I was born in Mason City, Iowa (the original River City of Meredith Wilson’s Broadway musical, the Music Man).  But my parents didn’t hold with no big-city Ioway sort of life, so we eventually moved to my mother’s home town, Rowan, Iowa.  It was roughly about 275 people (if you count the squirrels… which a lot of the townsfolk were… qualified squirrels).  My two maternal uncles and my grand parents were busy maintaining the family farm there, and though I lived in town because Dad was an accountant for a seed corn company instead of the farmer he grew up as… I got more than my fair share of farming-type opportunity.  You know the stuff… shoveling pig poo… cow poo too…   I got to help feed the chickens (and get chased by roosters, and get pecked by hens when we checked their nests for eggs, and watch the rooster rodeos as revenge for all the chasings… because roosters don’t lay eggs and the only thing they are really good for in an egg farming setting is lopping their heads off, and watching them flop around like rodeo bulls with no heads for fifteen minutes until they finally figured out they were dead, then plucking ’em and watching Grandma Aldrich cook ’em).  I got to drive a tractor, although they didn’t trust me to do more than the simplest of tractor-driving jobs like pulling the hay rake.  I got to shovel chicken poo out of the hen house and out of the brooder house.  (Notice how a lot of the world of the lowly farm boy centers somehow on poo?)  It was a rustic rural life reminiscent of Norman Rockwell… although he depicted mostly town life and not as much of the fields and animal pens (and poo) that are central to Iowegian farm culture.

Brent Clarke is a me character in my stories... but also one of my farm boy friends.

Brent Clarke is a me character in my stories… but also one of my farm boy friends.

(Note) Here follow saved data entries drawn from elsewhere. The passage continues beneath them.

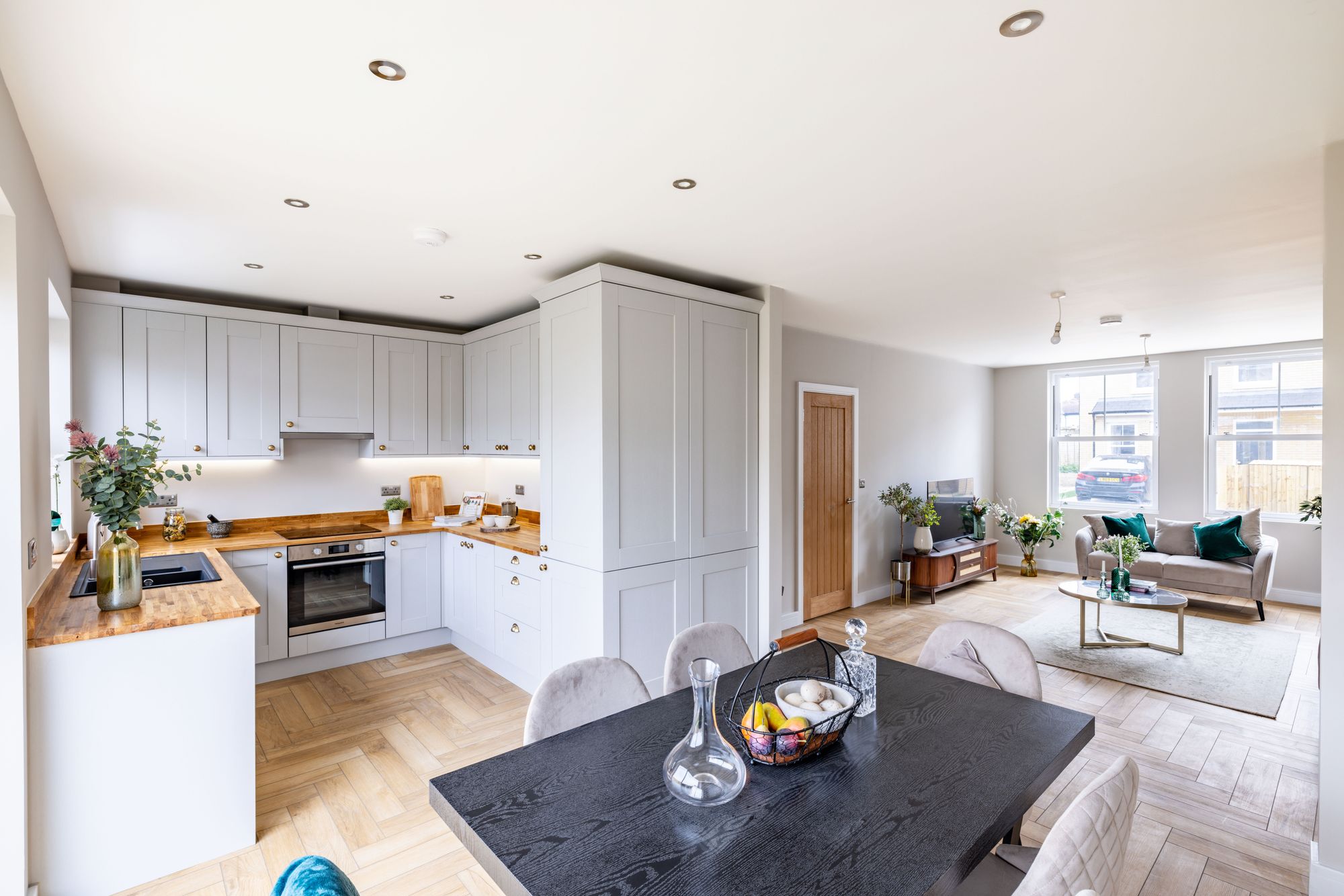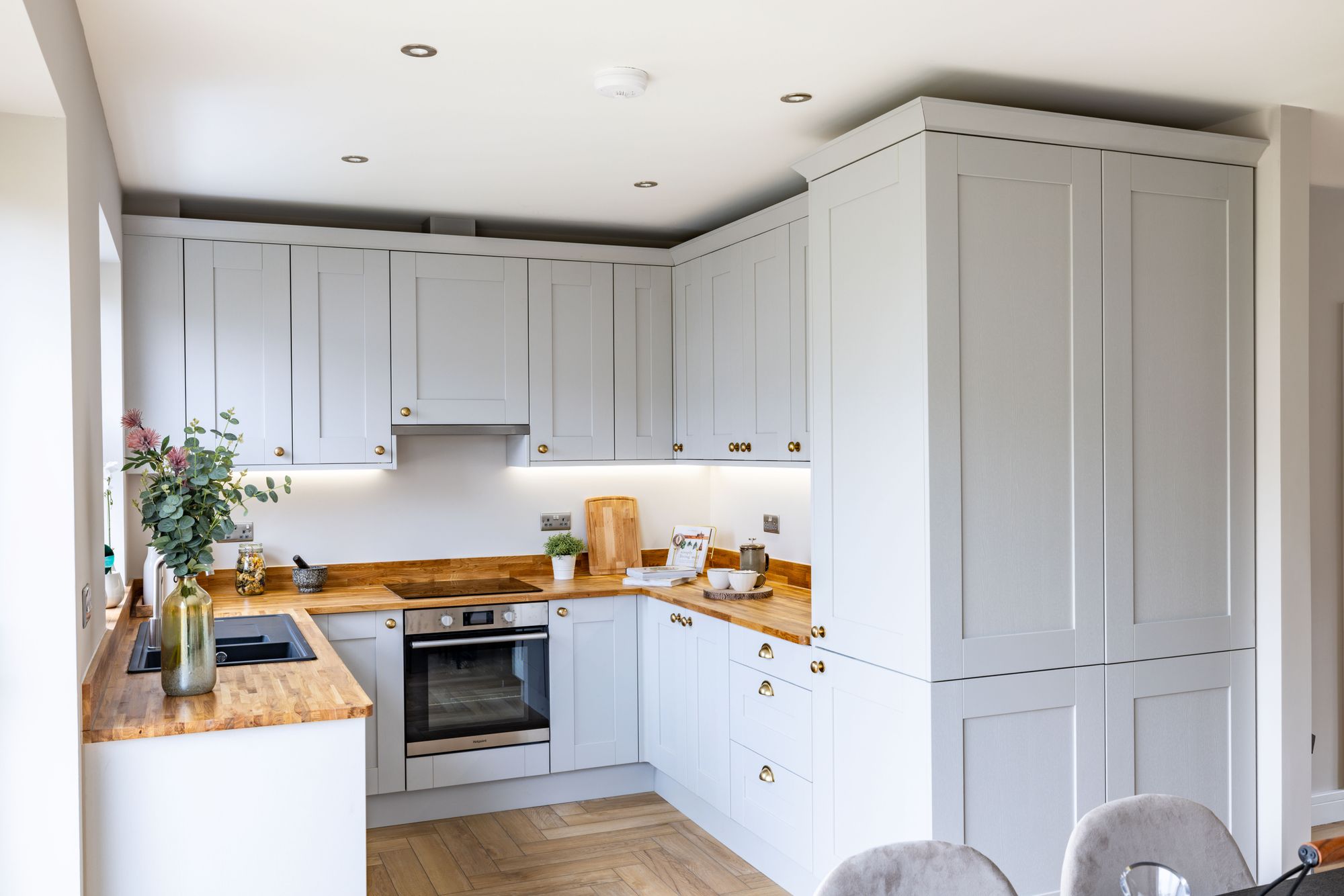 As you walk inside, you are greeted by a welcoming hallway with beautiful LVT herringbone oak flooring, flowing seamlessly throughout the ground floor accommodation. The spacious kitchen, at the rear of the house, has been designed with stunning, contemporary woodgrain light grey Shaker style units. Beautifully paired with solid oak worktops, upstands and finished with strip lighting under the wall units. A composite Franke undermounted sink with a Reginox tap. A range of integrated Hoover and Hotpoint appliances have been fitted including a dishwasher, fridge/freezer, extractor hood, electric induction hob and a multi-function oven. A gorgeous open plan lounge/diner runs the full length of the property is flooded by light via the sliding doors which lead you out to the rear garden, a wonderful addition to your entertaining space or somewhere for children to run around. Further to the downstairs accommodation is a WC, perfect for guest use.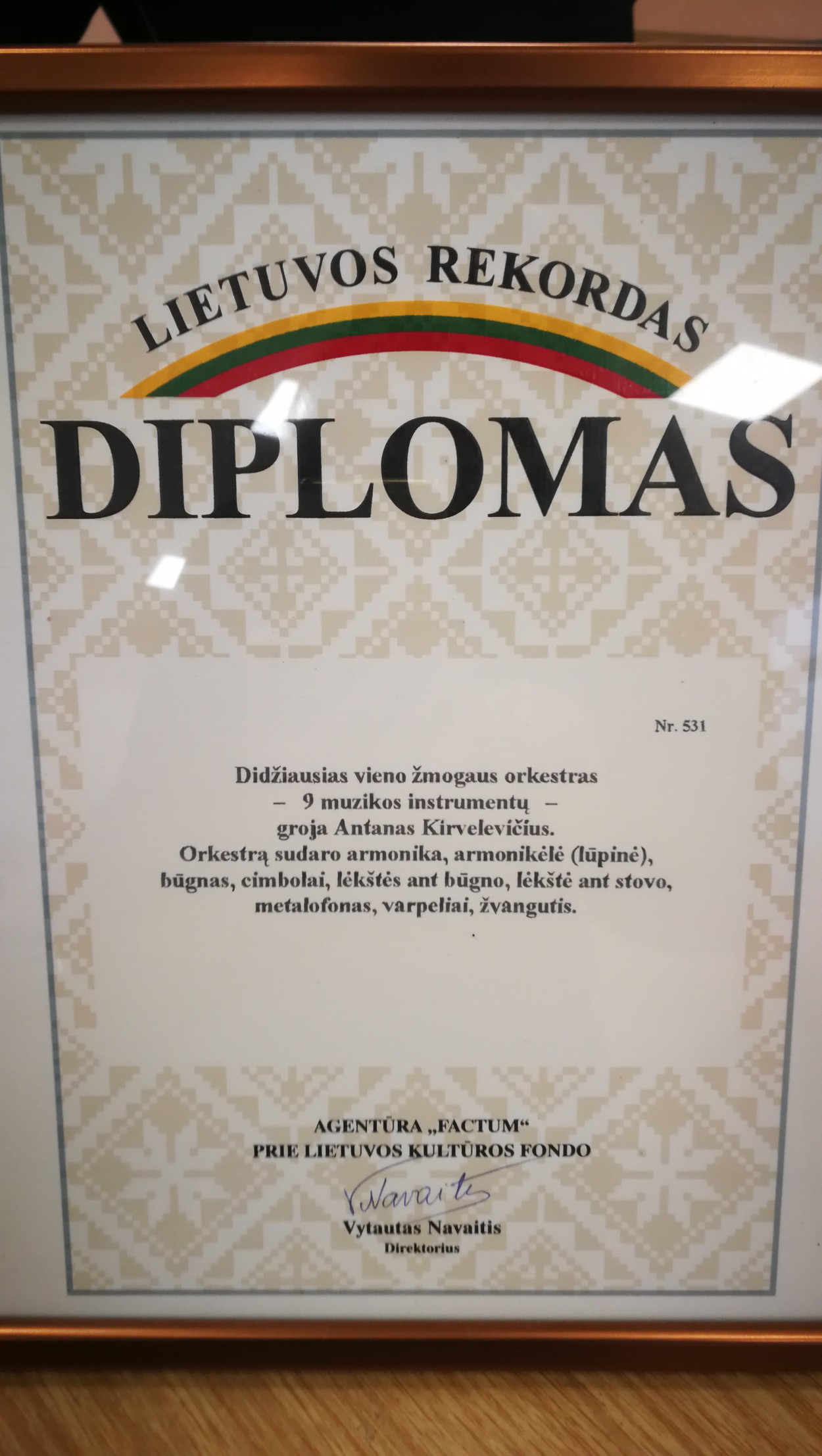 Žmogumi orkestru pramintas muzikantas Antanas Kirvelevičius, paskatintas televizijos laidos “Duokim garo”, vasario mėnesį pasiekė naują Lietuvos rekordą – penkias minutes grojo devyniais instrumentais: dviguba armonika, lūpine armonikėle, mušamuoju būgnu, lėkšte ant būgno, lėkšte “Čarlis”, cimbolais, varpeliais, žvangučiu, metalofonu. Apie šį rekordą byloja ir rekordus fiksuojančios agentūros „Factum“ diplomas.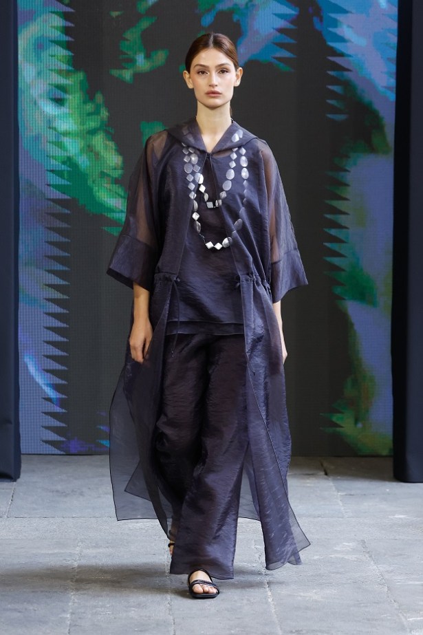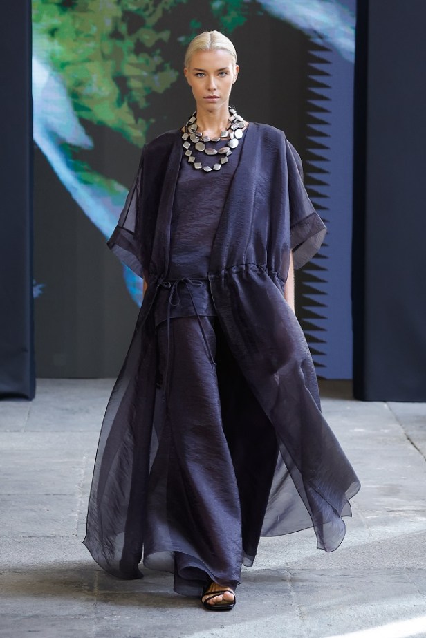 E ancora spazio al mix di finiture opache e lucide che enfatizzano la profondità e la ricchezza dei tagli, completati da capi in organza mossa in dialogo con le trasparenze negli spolverini e nei poncho con coulisse e sugli imprescindibili caftani.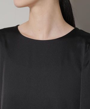 ・程よく上品な光沢感のサテン素材と、ハリのある素材の異素材コンビ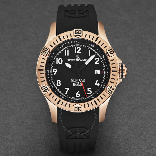 علبة من الفولاذ المقاوم للصدأ بلون الذهب الوردي مع سوار مطاطي أسود. إطار دوار أحادي الاتجاه من الفولاذ المقاوم للصدأ بلون الذهب الوردي. ميناء أسود بعقارب سوداء مضيئة وعلامات ساعات رقمية عربية. علامات دقائق رقمية عربية (بفاصل 5 دقائق). علامات دقائق حول الحافة الخارجية. نوع الميناء: تناظري. عقارب وعلامات مضيئة. عرض التاريخ عند موضع الساعة 3. حركة أوتوماتيكية من طراز Sellita Calibre SW221-1، تحتوي على 26 جوهرة، تنبض بمعدل 28800 ذبذبة في الساعة، ولديها احتياطي طاقة لمدة 38 ساعة تقريبًا. زجاج من الياقوت المقاوم للخدش. تاج لولبي. غطاء خلفي شفاف. شكل دائري، حجم العلبة: 43.5 مم، سمك العلبة: 13 مم. عرض السوار: 22 مم، طول السوار: 8 بوصات. مشبك قابل للطي بزر ضغط. مقاومة للماء حتى عمق 100 متر / 330 قدمًا. الوظائف: التاريخ، الساعة، الدقائق، الثواني. معلومات إضافية: الساعات، الدقائق، الثواني، التاريخ. سلسلة إير سبيد. تصميم كاجوال. علامة الساعة: صناعة سويسرية. ساعة ريفيو ثومين إير سبيد أوتوماتيكية للرجال بمينا أسود، رقم 16070.4767.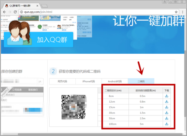 6,点击二维码,可以下载不同尺寸的二维码,让好友通过扫一扫二维码来加群。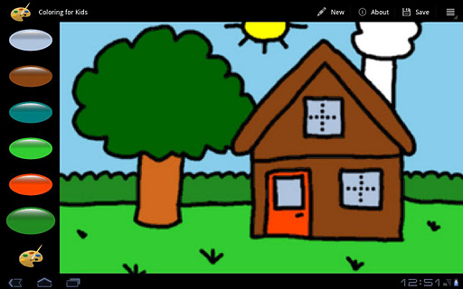 Coloring for kids lets your child simply paint with its fingers. He just have to choose a template, pickup colors on the palette and draw with a little tap. The drawings can be saved on the device and shared by mail or using social networks.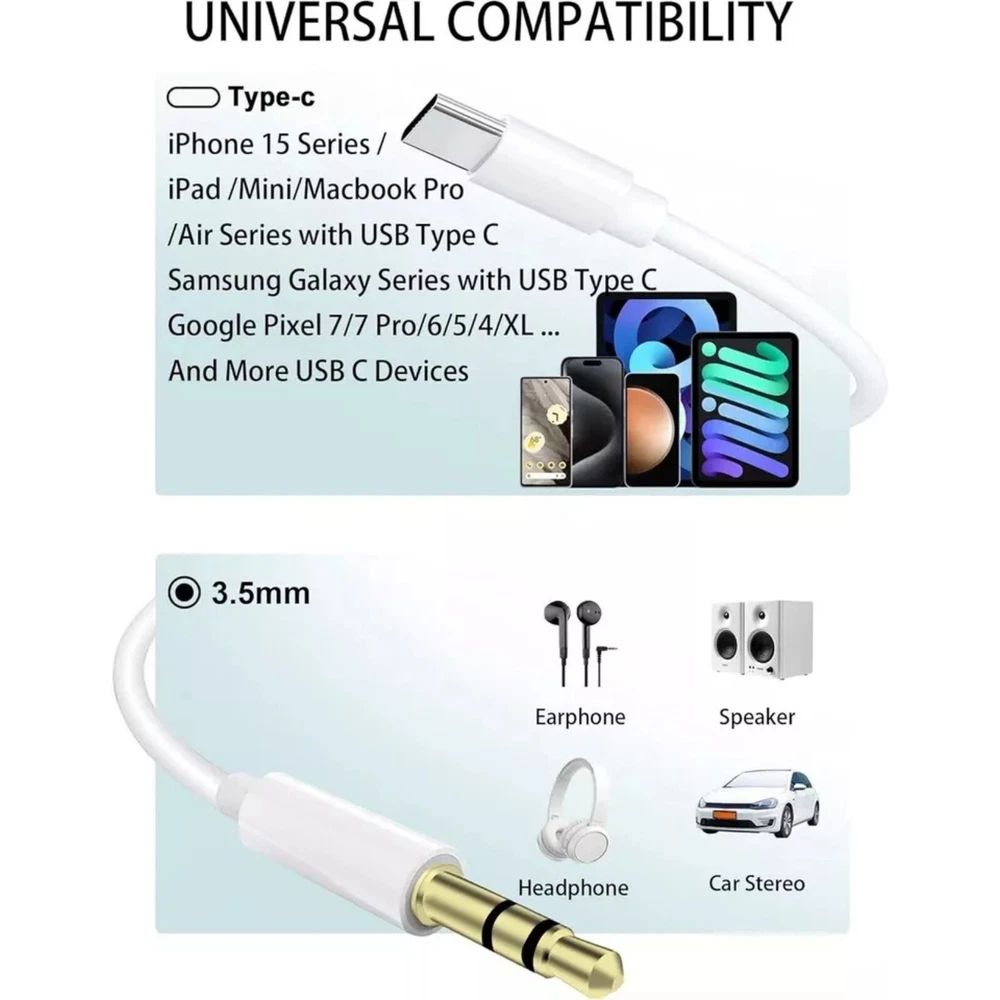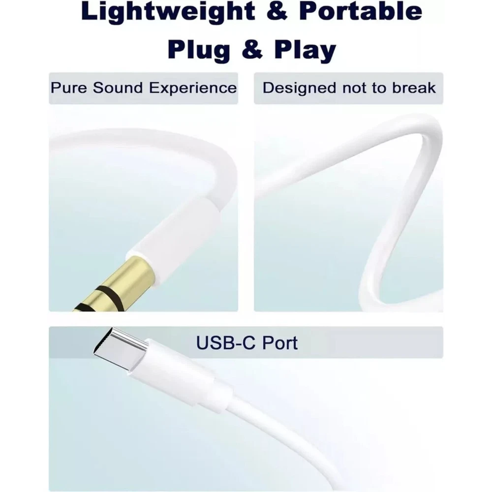 Type C to Aux Cable USB Type-C Male To 3.5mm Cord Car AUX Music Audio Adapter Features: Clear Sound: Corrosion resistant 3.5mm connector and high-polished aluminum port. Transmits sound stably and seamlessly. No fuzzy noise. Plug & Play: Plug and play. No Bluetooth or drivers required. Quickly connects your smartphone, MP3 player, tablet, or other portable audio devices with a 3.5mm audio jack (i.e. headphone jack) to the AUX-in port of your car stereo, home stereo, portable speaker or other compatible audio-output device. Cable length: 3 Feet Compatibility: Compatible with almost all Phones with a type C port, car stereos, home stereos, portable speakers, headphones, headsets, MP3 players, computers, or anything else with a 3.5mm input jack. Package Includes: 1 x Braided Type-C to 3.5mm Aux Cord (Choose Color from Options) Shipping: We ship everyday Monday - Friday. Item will be shipped within one business day of cleared payment. Item is shipped from New Jersey. Please make sure address is correct. We are not responsible for any wrong addresses provided. Address cannot be changed after order has been placed. PLEASE NOTE: We do not ship to freight forwarders or international forwarders unless order is over $9 or USPS ground advantage shipping option is selected at checkout.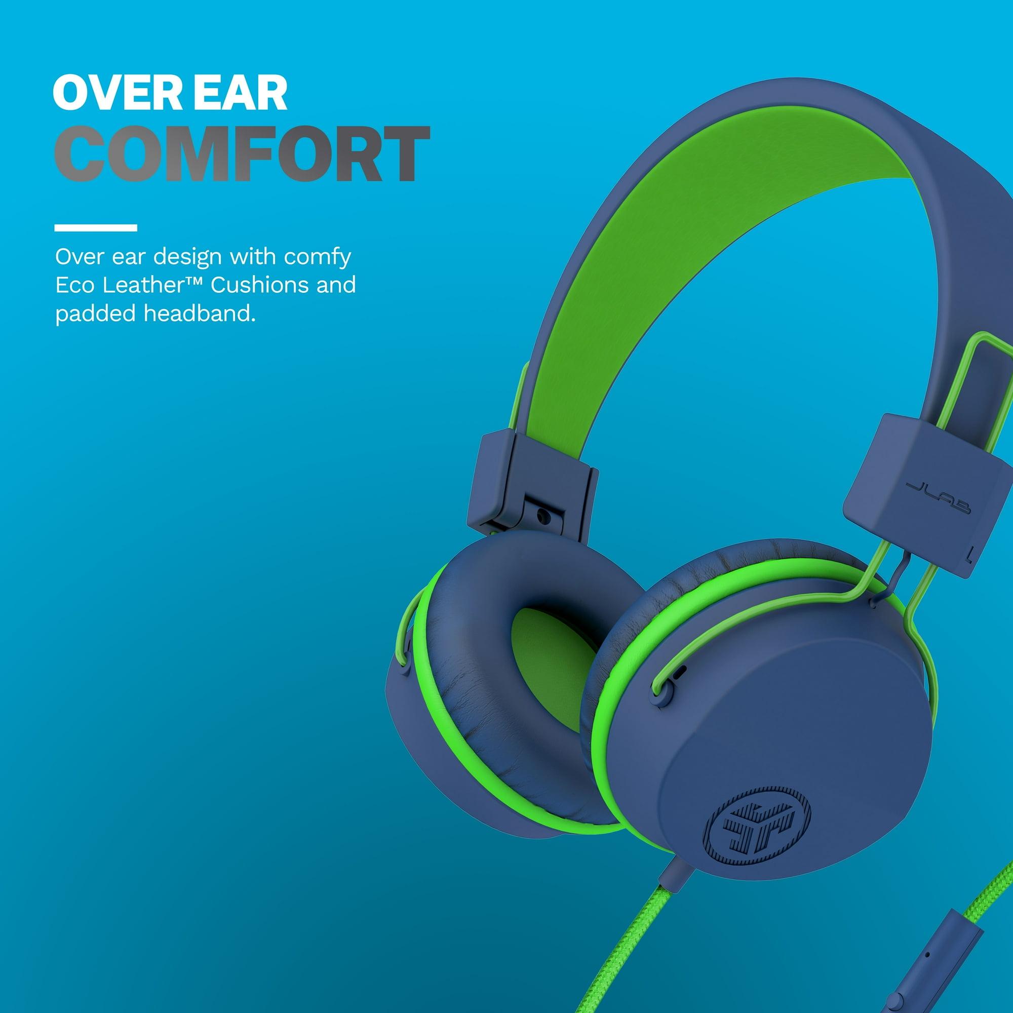 JLab JBuddies Studio On-Ear Kids Wired Headphones are comfort for home or school. Style to suit any teen. JLab's on-ear Cloud Foam cushions offer ultimate comfort for homework session focus without the rockstar price tag. The smooth-sliding metal adjustments and feather-light build give the long-lasting, all-day comfort kids require. Not to mention they're tested and approved for safe listening for kids with their built-in volume-limiter at 85dB. ON-EAR COMFORT. On-ear design with comfy Faux Leather cushions and padded headband offer all-day comfort for all ages, from grade school tykes to teens. VOLUME SAFE. What would great style be without performance? The JBuddies offer safe-volume control, with built-in volume regulators, to ensure kids never rock out past 85db. And each pair is still designed with JLab's high performance sound standards in mind. ADJUST AND FOLD. Built for everyone who loves to rock 'nâ roll, the smooth-sliding metal adjustments and feather-light build are ready to hit the road. The plush circular ear cups rotate 80 degrees and fold up in the palm of your hand so you can bring them wherever life takes you - on or off tour. Compact, adjustable headband fits growing kids from ages 6-16. MUSIC TO-GO. Whenever, Wherever: Hook up the tangle free, braided-nylon cord equipped with an in-line mic for taking calls, firing up your tunes, pausing them and controlling the tracks on your mix. The 90 degree jack rocks with all devices and cases.

Growing up a farm boy has a few advantages to go along with the many drawbacks.  First off, you learn young where babies come from.  Piglets and calves and puppies and kittens are not born in secret.  And it doesn’t take much spying out on farm life to learn how those baby animals are made either.  There is ample opportunity to learn what you are not supposed to learn at a young age from farm girls too… but we were gentlemen… and extremely embarrassed by the fact that baby people are made in the same grisly, awful way that baby animals are out in the barn.

You also learn to be somewhat self-sufficient.  I learned how to tend a garden.  I learned how to fix a flat.  I learned how to repair a roof and build a rabbit pen.  Hammer, pliers, screwdriver, saw… I learned to use them all and make stuff.  Crude stuff, sure… smashed-finger-with-hammer-stuff too.  I made a bookshelf in shop class that had a bit of Michael blood built into it.  But I learned things that boys should know, and really don’t any more.

So, I guess I am claiming that because I am an Iowa boy… a farm boy… and despite my many short-comings and short-changings my life has been good and worthwhile… being a farm boy is good.  And one of the greatest shames of the modern world is this… there just aren’t many farm boys any more.